Construction and improvement heuristics applied to the capacitated vehicle routing problem

The capacitated vehicle routing is a combinatorial optimization problem of that has aroused major interest because it is present in critical areas (logistics, transport and other) and it is a problem of considerable difficulty. There are currently several techniques that have been developed to try to solve this problem efficiently. In this paper, we present a solution to this problem based on the strategy of different single techniques combination to obtain the best results. Computing experiments have been conducted on six instances of well-known data sets available in literature.

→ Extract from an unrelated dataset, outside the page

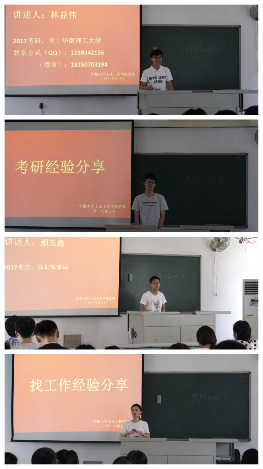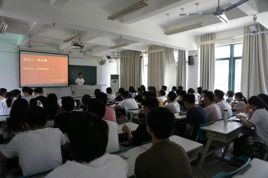 交流会上,四位党员首先分别从如何处理好学习与生活的关系、专业课的学习方法以及人生道路的规划等几方面问题作了精彩发言。接着,他们分享了考研、考公以及找工作等三方面的经验。成功考取985高校的解鹏、林益伟两位同志分别就自身考研经历进行了分享,提出了考研准备时期各个阶段的规划和复习建议;成功考上深圳海事局的颜志鑫同志分享了国家公务员考试经历,为准备考公务员的同学指明了准备方向;郭胜芳同志从暑假实习、简历投递、岗位选择等三方面给打算找工作的同学提出建议。

Reconfigurable hardware computing for accelerating protein folding simulations using the harmony search algorithm and the 3D-HP-side chain model

Proteins are essentials to life and they have countless biological functions. They are synthesized in the ribosome of cells following a template given by the messenger RNA (mRNA). During the synthesis, the protein folds into an unique three-dimensional structure, known as native conformation. This process is called protein folding. Several diseases are believed to be result of the accumulation of ill-formed proteins.Therefore, understanding the folding process can lead to important medical advancements and development of new drugs.